2

I have a method that runs multiple async methods within it. I have to iterate over a list of devices, and pass the device to this method. I am noticing that this is taking a long time to complete so I am thinking of using Parallel.ForEach so it can run this process against multiple devices at the same time.

Let's say this is my method.

public async Task ProcessDevice(Device device) {
    var dev = await _deviceService.LookupDeviceIndbAsNoTracking(device);

    var result = await DoSomething(dev);
    await DoSomething2(dev);
}

Then DoSomething2 also calls an async method.

public async Task DoSomething2(Device dev) {
    foreach(var obj in dev.Objects) {
        await DoSomething3(obj);
    }
}

The list of devices continuously gets larger over time, so the more this list grows, the longer it takes the program to finish running ProcessDevice() against each device. I would like to process more than one device at a time. So I have been looking into using Parallel.ForEach.

Parallel.ForEach(devices, async device => {
    try {
        await ProcessDevice(device);
    } catch (Exception ex) {
        throw ex;
    }
})

It appears that the program is finishing before the device is fully processed. I have also tried creating a list of tasks, and then foreach device, add a new task running ProcessDevice to that list and then awaiting Task.WhenAll(listOfTasks);

var listOfTasks = new List<Task>();
foreach(var device in devices) {
    var task = Task.Run(async () => await ProcessDevice(device));
    listOfTasks.Add(task);
}
await Task.WhenAll(listOfTasks);

But it appears that the task is marked as completed before ProcessDevice() is actually finished running.

Please excuse my ignorance on this issue as I am new to parallel processing and not sure what is going on. What is happening to cause this behavior and is there any documentation that you could provide that could help me better understand what to do?

Theodor Zoulias
  • 34,835
  • 7
  • 69
  • 104

4 Answers4

7

You can't mix async with Parallel.ForEach. Since your underlying operation is asynchronous, you'd want to use asynchronous concurrency, not parallelism. Asynchronous concurrency is most easily expressed with WhenAll:

var listOfTasks = devices.Select(ProcessDevice).ToList();
await Task.WhenAll(listOfTasks);
Stephen Cleary
  • 437,863
  • 77
  • 675
  • 810
1

In your last example there's a few problems:

var listOfTasks = new List<Task>();
foreach (var device in devices)
{
    await  Task.Run(async () => await ProcessDevice(device));
}
await Task.WhenAll(listOfTasks);

Doing await Task.Run(async () => await ProcessDevice(device)); means you are not moving to the next iteration of the foreach loop until the previous one is done. Essentially, you're still doing them one at a time.
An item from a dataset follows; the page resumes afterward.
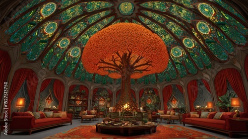 Obraz premium Tree in Stained Glass Dome Room with Sofas

Additionally, you aren't adding any tasks to listOfTasks so it remains empty and therefore Task.WhenAll(listOfTasks) completes instantly because there's no tasks to await.

Try this:

var listOfTasks = new List<Task>();
foreach (var device in devices)
{
    var task = Task.Run(async () => await ProcessDevice(device))
    listOfTasks.Add(task);
}
await Task.WhenAll(listOfTasks);
WSC
  • 903
  • 10
  • 30
  • I don't know if it's a good idea to add all devices in a list of task to parallelize all at the same time. If there is too much, this will be slower than all others solutions. – Thibaut Jun 08 '20 at 14:51
  • It will depend greatly on what `ProcessDevice()` is really doing and how many devices there are but yes, this should be tested to see how it performs. An different but similar approach is to split `device` into batches and do, say, 5 batches in parallel do each batch synchronously. – WSC Jun 08 '20 at 14:56
  • @WSC - Sorry I updated my question, i did have listOfTasks.Add(task); but forgot it in the question. – Jaron Johnson Jun 08 '20 at 15:00
  • @JaronJohnson Your updated code doesn't make sense. You're not setting `task` to anything. Look at the code in this answer more carefully. – Gabriel Luci Jun 08 '20 at 15:03
  • @GabrielLuci I should have just copied and pasted my code instead if writing it out again in the question.. Updated it again... – Jaron Johnson Jun 08 '20 at 15:09
1

I can explain the problem with Parallel.ForEach. An important thing to understand is that when the await keyword acts on an incomplete Task, it returns. It will return its own incomplete Task if the method signature allows (if it's not void). Then it is up to the caller to use that Task object to wait for the job to finish.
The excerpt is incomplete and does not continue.